---------- RECORDS FOR THIS EXERCISE ----------

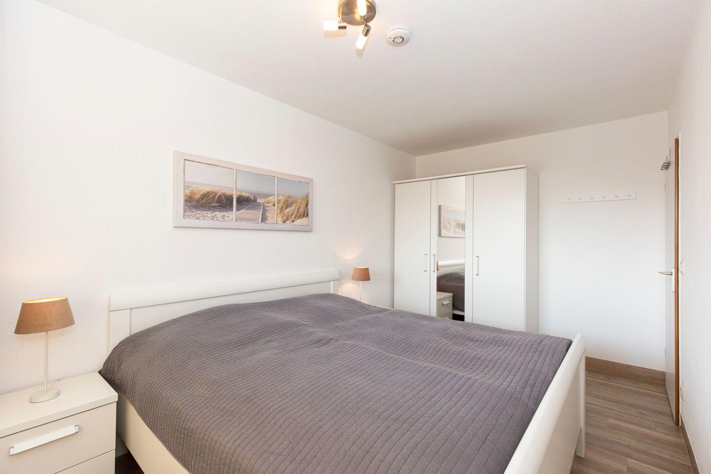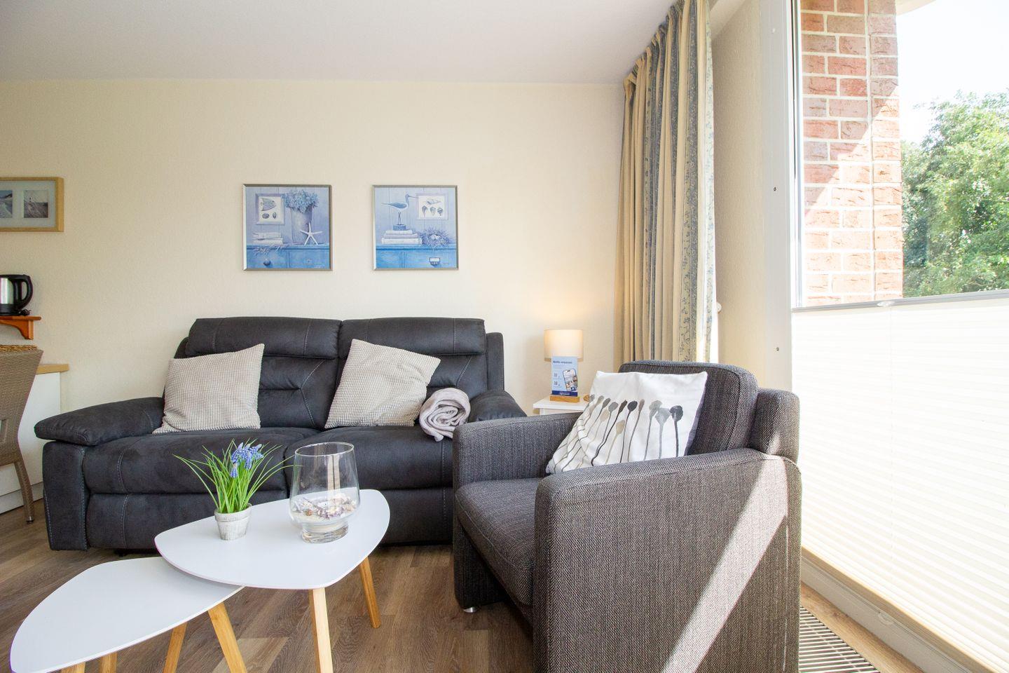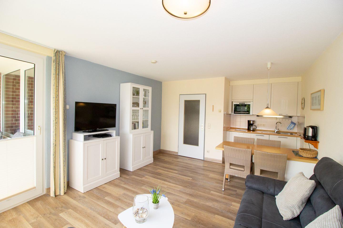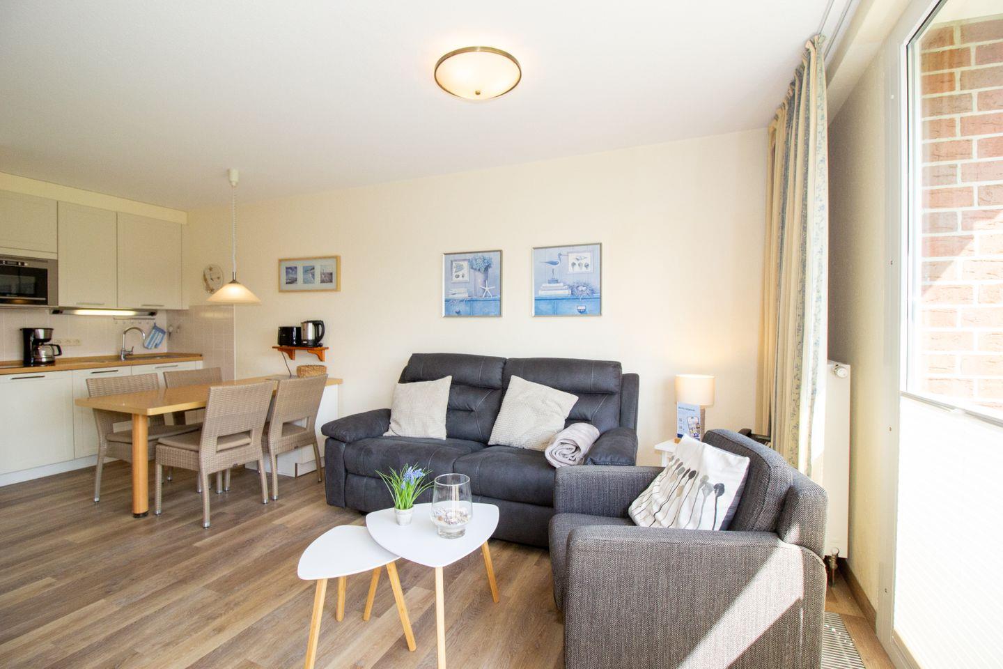 Haus "Trafalgar", Typ B, App-Nr. 145, bis 2 Pers., 1.Etage, ca. 46 qm, Südseite (ohne Meerblick), Schlafzimmer mit Doppelbett, Wohnzimmer mit Küchenzeile mit Geschirrspüler, Ceranfeld und Mikrowelle, Dusche/WC, Balkon, Kabel-TV, Telefon, WLAN-Zugang im App., Tiefgaragenstellplatz, Nichtraucherappartement, Strandkorb im Sommer 2026, 1 Hund erlaubt.
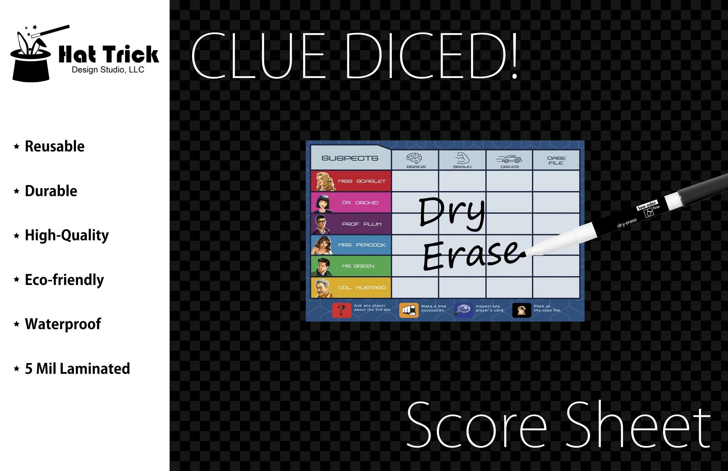 This listing is for one (1) Laminated Clue Diced! Score Sheet, but you can order as many as you need.
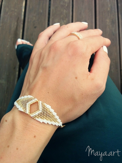 Šitý náramek je vyroben technikou tkaní korálků "peyote stitch" z rokajlu TOHO.
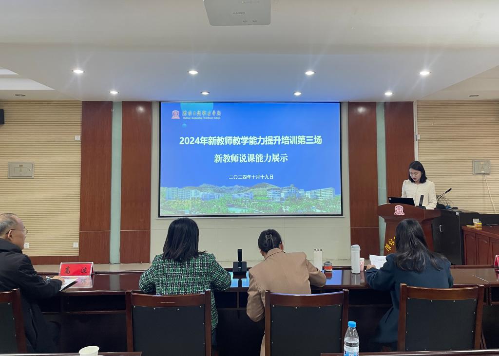 为促进新教师综合素质、专业化水平和创新能力全面提升,10月19日,学院在海岱阁606会议室举行新教师说课能力展示活动。党委委员、副院长赵凤卿出席活动。教务处相关负责人及2024年新入职专任教师参加。
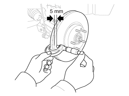 Поместите циферблатный индикатор примерно в 5 мм (0,2 дюйма) от внешней окружности тормозной диск и измерьте биение диска.
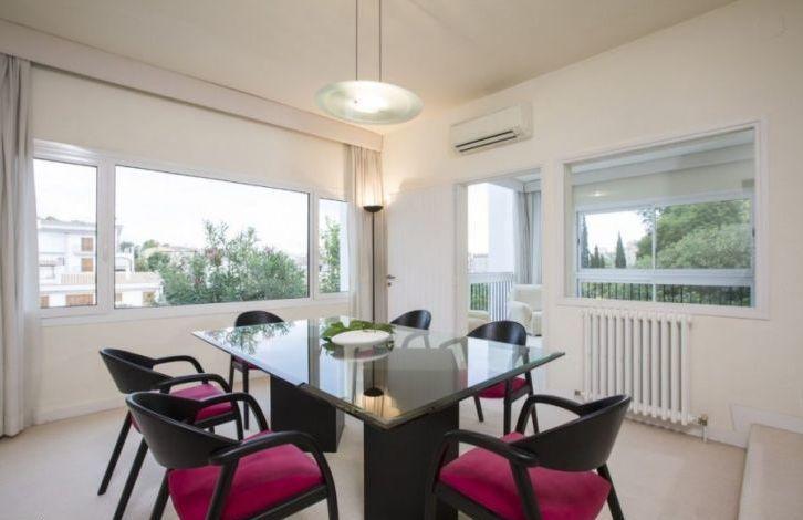 This modern villa is located in the sought-after residential area of Son Armadans in Palma de Mallorca, the capital of the Balearic Islands, close to the golf courses, schools and a short drive from the marinas and yacht clubs. The three-storey modern villa has a total of 6 bedrooms, 3 bathrooms and 2 bathrooms. On one of the floors of the house there are living and dining areas, one bedroom, a guest bathroom, a separate kitchen with a pantry and a laundry, which has its own entrance for the staff. On the top floor of the house are 3 bedrooms, 2 bathrooms, including a master bedroom with its own bathroom, as well as another bedroom that has been converted into a dressing room, and two spacious and sunny terraces. The lowest floor is not connected to the rest of the house and has its own entrance. There is an office, several rooms and a living area for staff with a bedroom, a small living room and a bathroom. There is an opportunity to purchase a neighboring plot for the construction of another house or a swimming pool. Among other characteristics can be identified garage, utility room and technical room. Location and attractions: Palma de Mallorca, since the middle of the last century, has turned into a city that has managed to intelligently preserve its rich cultural and architectural heritage. With all this, we can not fail to mention the wide range of services and excellent services provided to tourists and local residents. The city is well known for its numerous art galleries and museums, as well as many fine shops and elegant designer boutiques. Characteristics: Air Conditioning, Guest Apartment, Fitted Wardrobes, Gas Central Heating, Fireplace, Utility Room, Pantry, Double-glazed Windows, Intercom, Renovated, Storeroom, Dressing Room OBJECT NUMBER ON HOUSAGE: 240857
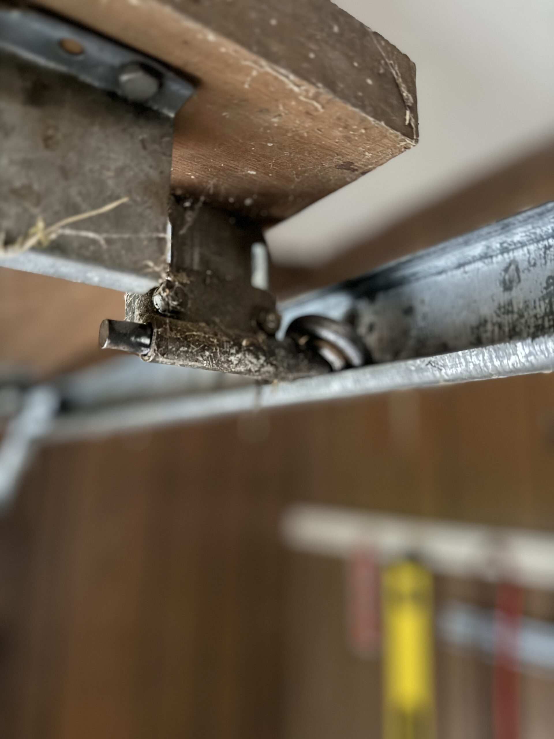 Look at the rollers on your hinges. If they're cracked, chipped, discolored, or have visible flat spots — they're past due. Steel rollers with orange rust are a sign of bearing failure.
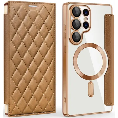 • Coque portefeuille Phonesta Luxury Crystal Puffed avec MagSafe pour Samsung Galaxy S25 Ultra - Marron
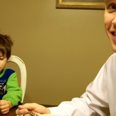 A young boy tells his father "How dare you, you're the worst Dad ever" when he finds out his father froze his cereal with the spoon in the bowl on April Fools Day.
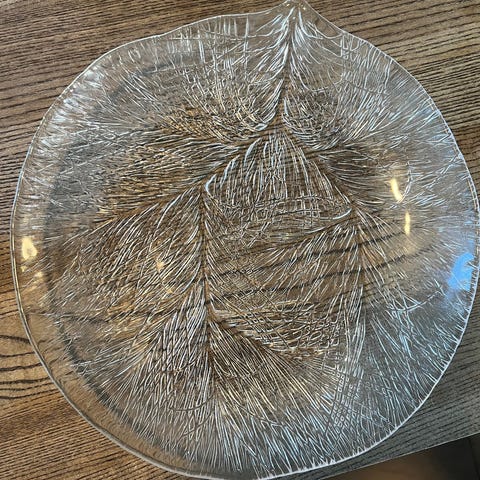 Fatet er rundt og har et dekorativt bladmønster (Aspen Leaf) i klart glass. Fatet er i veldig god stand og ingen slitasje.
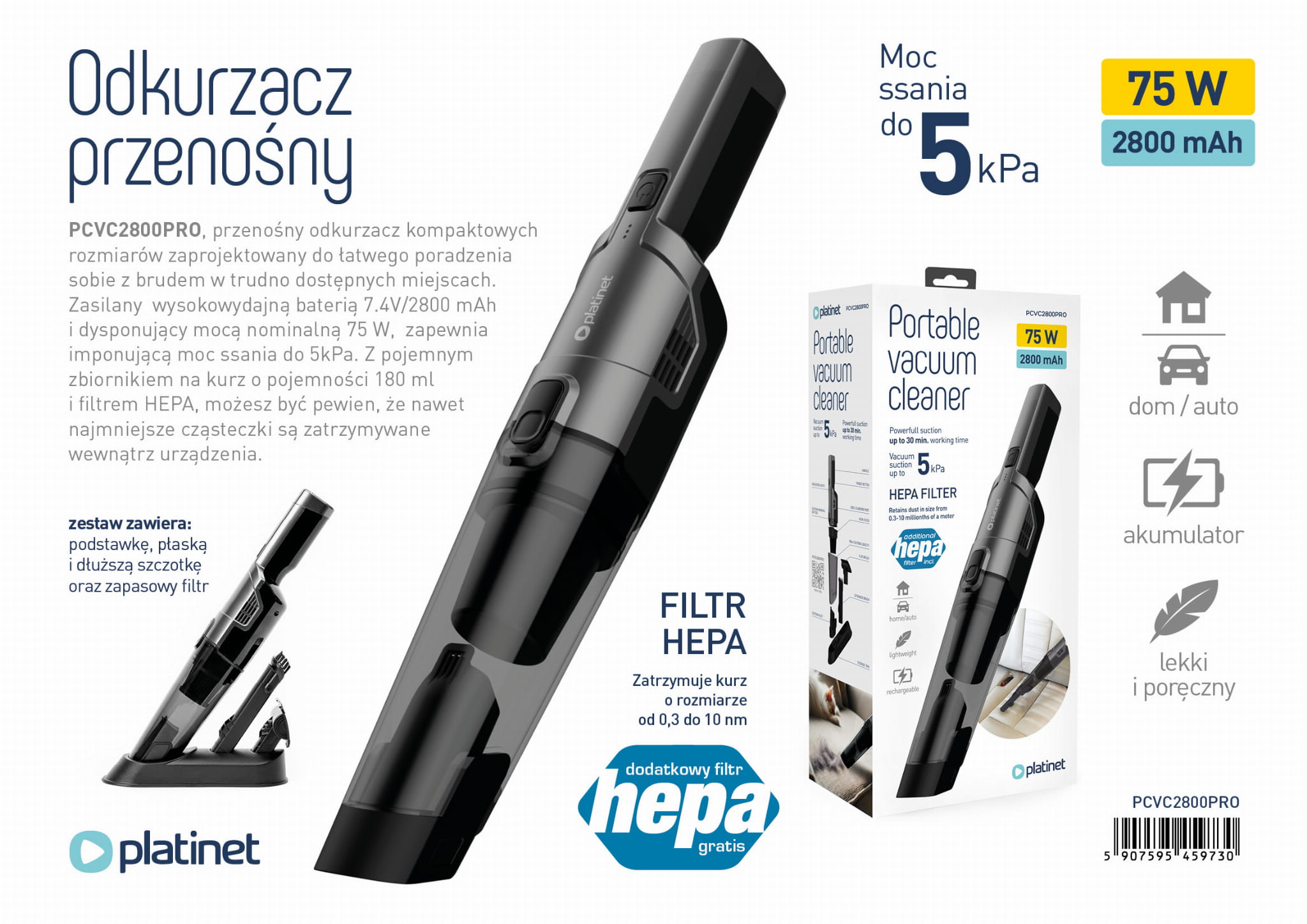 Thanks to the large dust container and Hepa filter, our vacuum cleaner effectively captures even the smallest impurities, ensuring clean and fresh air in your car.
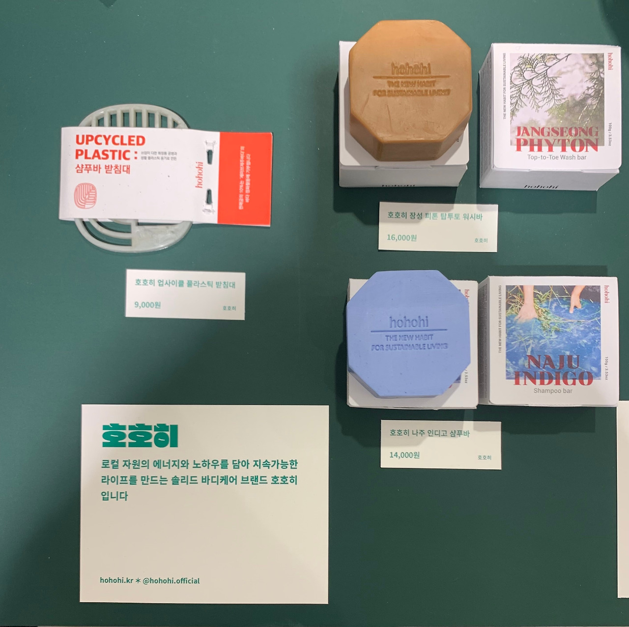 팝업스토어 중앙에는 플라스틱 프리 욕실과 주방을 만들어갈 수 있는 다양한 고체 제품들이 전시되어 있습니다. 호호히의 제품들도 전시되어 있으니 직접 보고 향도 맡아보시길 추천드립니다! 근처에만 가도 호호히 향기가 느껴질걸요?
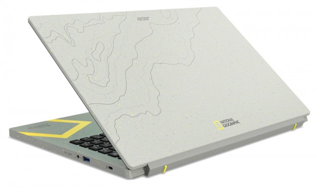 «Первое, что бросается в глаза — это несколько диагональных линий, пересекающих примерно половину верхней крышки. Они представляют собой небольшой фрагмент топографической карты и делят поверхность ноутбука на сушу и море, напоминая о влиянии глобального потепления на повышение уровня моря. При открытии ноутбука в глаза сразу бросается ставшая культовой, желтая рамка National Geographic. На пробеле надпись: For Planet Earth (Ради планеты Земля)», — отмечает Acer.
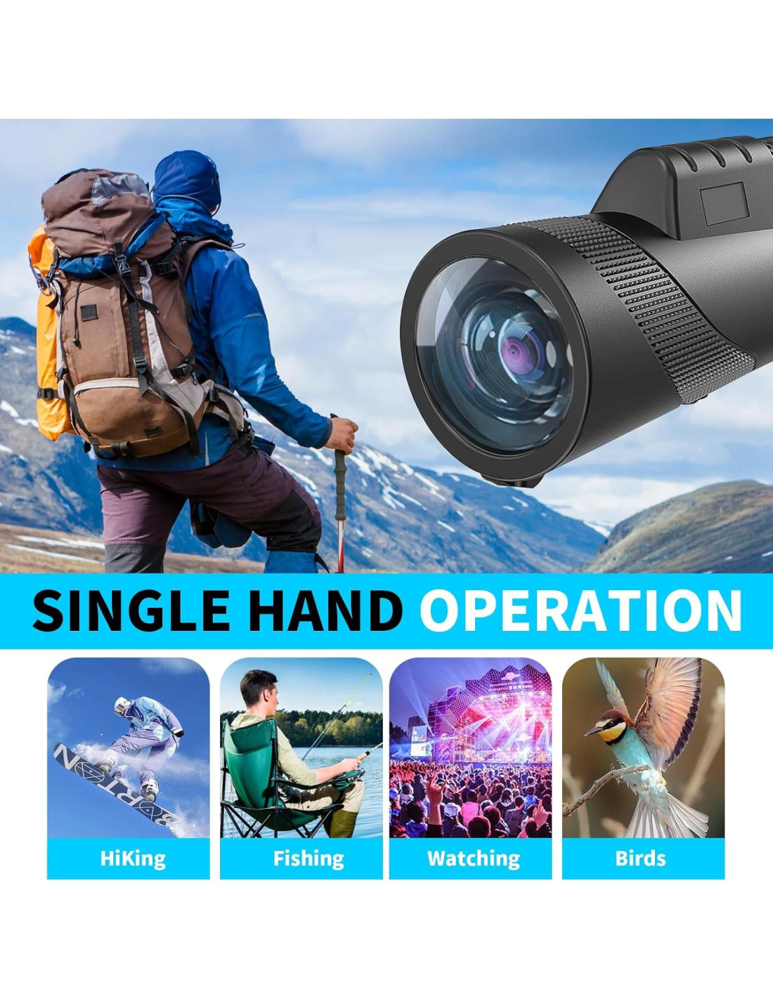 - Compacto y ligero para fácil portabilidad: Con un peso de solo 0.5 lbs (0.23 kg) y diseñado con un cuerpo elegante y del tamaño de un bolsillo, este monóculo es perfecto para su uso en movimiento durante senderismo, camping, viajes y eventos deportivos.
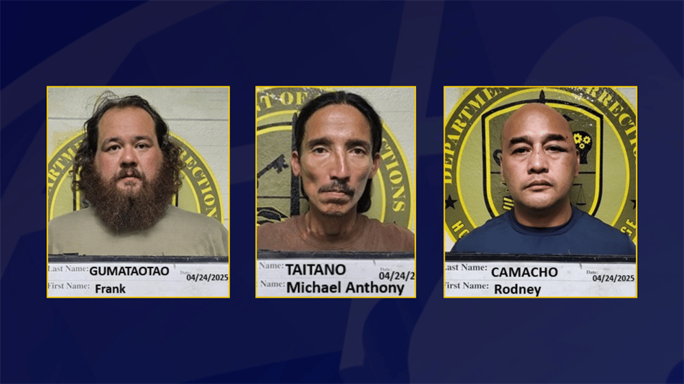 Court documents identify those involved as 45-year-old Michael Anthony Fejeran Tatiano, 39-year-old Frank J. Gumataotao and 48-year-old Rodney Crisostomo Camacho.
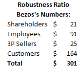 However, all-in-all I think Bezos was too conservative here with respect to returns for shareholders and for customers. I would contend he was a bit too generous with respect to employees, given that employees could conceivably work at other firms (albeit likely at lower wages).
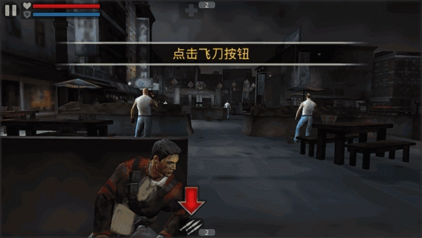 5、当血量补满后,系统会提示我们运用飞刀的技巧。飞刀属于消耗类道具,价格相对较高,不过威力十分强劲。只需点击目标敌人,投掷一把飞刀就能将其解决,其效果甚至比机枪还要出色。
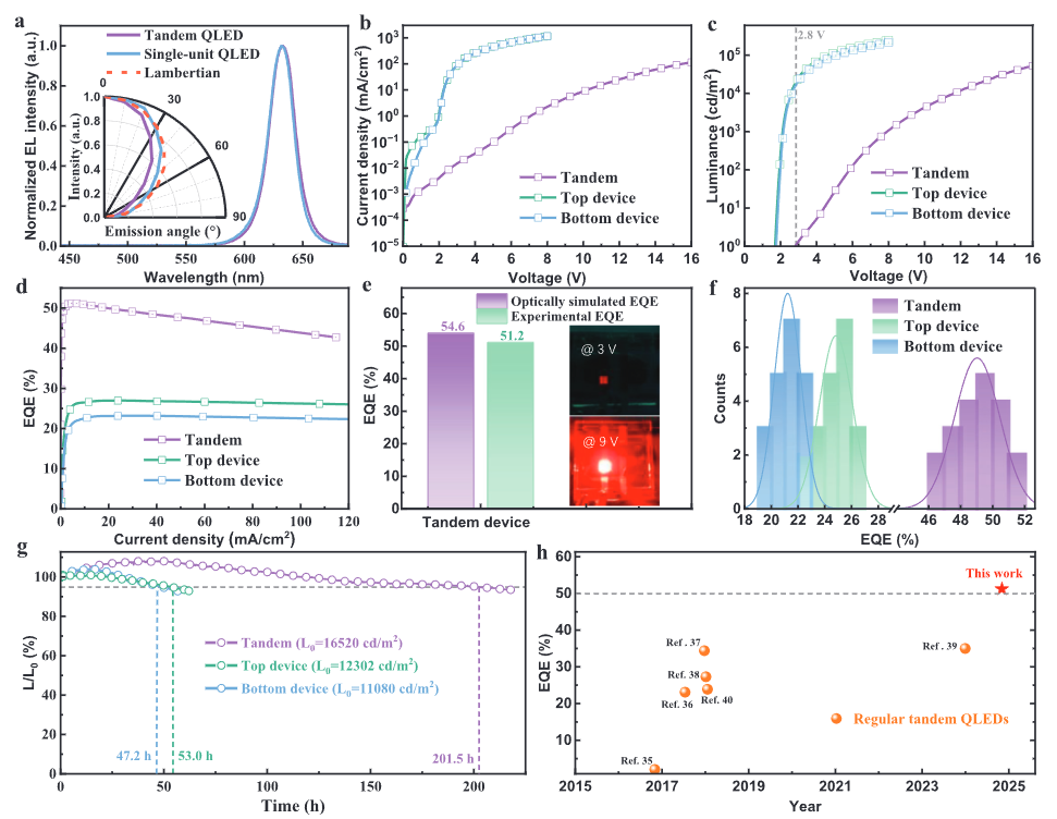 D. Yang, Y. Wang, J. Xie, D. Pan, B. Zou, and H. Zhang, “ Regular Tandem Quantum Dot Light-Emitting Diodes with over 51% External Quantum Efficiency for Next-Generation Displays.” Adv. Mater. (2025): e08173.

----------

WORK TASK: Line for line, output the entries above from the line with "Look at the" to the line with "A young boy", both included, and nothing more. Skip pictures.

RESPONSE BELOW:
 Look at the rollers on your hinges. If they're cracked, chipped, discolored, or have visible flat spots — they're past due. Steel rollers with orange rust are a sign of bearing failure.
 • Coque portefeuille Phonesta Luxury Crystal Puffed avec MagSafe pour Samsung Galaxy S25 Ultra - Marron
 A young boy tells his father "How dare you, you're the worst Dad ever" when he finds out his father froze his cereal with the spoon in the bowl on April Fools Day.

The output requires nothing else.